Monday, December 12, 2022

One Key to Staying Motivated: Don't Expect Steady Progress


When you start a new project, do you expecct to achieve steady progress toward your goal, week after week?  If so, you might be fooling yourself.  Progress on a challenging initiative is rarely that steady over time.   Expect bumpiness!  Perhaps even more importantly, you might find it difficult to stay as motivated during your work if you have these misguided expectations.  
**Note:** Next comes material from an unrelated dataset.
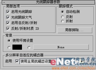 1、點擊“材質編輯器”按鈕,在前面設置過的樣球上,做進一步設置。打開“貼圖”卷展欄,選中“反射”,并調整其值為50,點擊后面none按鈕,在彈出的“材質/貼圖瀏覽器”窗口中雙擊“光線跟蹤”項,如圖12所示。

Check out this new experimental research by Gráinne Fitzsimons and Jessica Paek of Duke University.  They conducted an experimental study in which people were asked to complete tasks for compensation.  Research subjects earned a small amount of incentive pay if they achieved the goal of performing more than 50% of the tasks correctly.   In the experiment, one half of the research subjects achieved steady progress toward their goal, while the others encountered a much more uneven set of results over time.   These scholars found that the latter became less motivated as they worked.  However, if people recognized at the outset that the progress toward the objective would be uneven, they did not have the same type of demotivating experience.  Fitzsimons explains, “Being unrealistic and expecting steady progress is going to make it harder to stay motivated when you meet those inevitable bumps in the road."  

For me, this research reminds me of the work of cognitive scientist and learning specialist Daniel Willingham of the University of Virginia.  Willingham argues that teachers need to assign work that is "desirably difficult" if they wish to maximize learning by their students.  The challenge is very much a Goldilocks story.  If the work is too difficult, students become easily frustrated and demotivated.  If it's too easy, then they don't learn very much.  The sweet spot is when students are challenged, but they can see themselves making progress toward the goal.  Of course, for many students, that progress is uneven.  Some expect a smooth learning process, and that can be problematic.  Learning a new skill is rarely free of obstacles, frustrations, and even dead-ends.  If we expect to see those challenges along the way, we have prepared ourselves for some frustrations.  If we expect smooth sailing, we are setting ourselves up to fail.   As this research by Fitzsimons and Paek demonstrates, the same type of dynamic applies to all of us in our work, not just students.  We have to set the appropriate expectations for ourselves and our team members BEFORE we begin a challenging task.  The key is to frame the work appropriately.  If we frame the project as a learning/development opportunity that will involve challenges, then we are preparing ourselves to succeed.  If we frame it as a routine endeavor that should proceed smoothy, we are setting ourselves up to fail.